= Your goal =
Output only the lines below that start at the line containing "ソテしたタマネギの甘い香りと" and end at the line containing "Bluzka z brokatem, zdobiona", with both ends kept.

= Records for this task =
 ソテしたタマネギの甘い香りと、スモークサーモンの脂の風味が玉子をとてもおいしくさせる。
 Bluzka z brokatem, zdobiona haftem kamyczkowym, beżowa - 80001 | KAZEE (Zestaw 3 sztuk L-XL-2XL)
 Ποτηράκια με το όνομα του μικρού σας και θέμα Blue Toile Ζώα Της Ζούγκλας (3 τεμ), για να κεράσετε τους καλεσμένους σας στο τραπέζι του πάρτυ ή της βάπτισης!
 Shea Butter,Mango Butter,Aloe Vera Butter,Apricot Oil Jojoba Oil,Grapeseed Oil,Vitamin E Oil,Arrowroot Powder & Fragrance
...
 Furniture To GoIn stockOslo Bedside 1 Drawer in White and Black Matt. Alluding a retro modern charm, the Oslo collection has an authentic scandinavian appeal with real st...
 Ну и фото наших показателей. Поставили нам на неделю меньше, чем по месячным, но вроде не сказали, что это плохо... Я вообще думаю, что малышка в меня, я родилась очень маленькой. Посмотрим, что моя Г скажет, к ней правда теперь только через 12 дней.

= Completed exercise =
 ソテしたタマネギの甘い香りと、スモークサーモンの脂の風味が玉子をとてもおいしくさせる。
 Bluzka z brokatem, zdobiona haftem kamyczkowym, beżowa - 80001 | KAZEE (Zestaw 3 sztuk L-XL-2XL)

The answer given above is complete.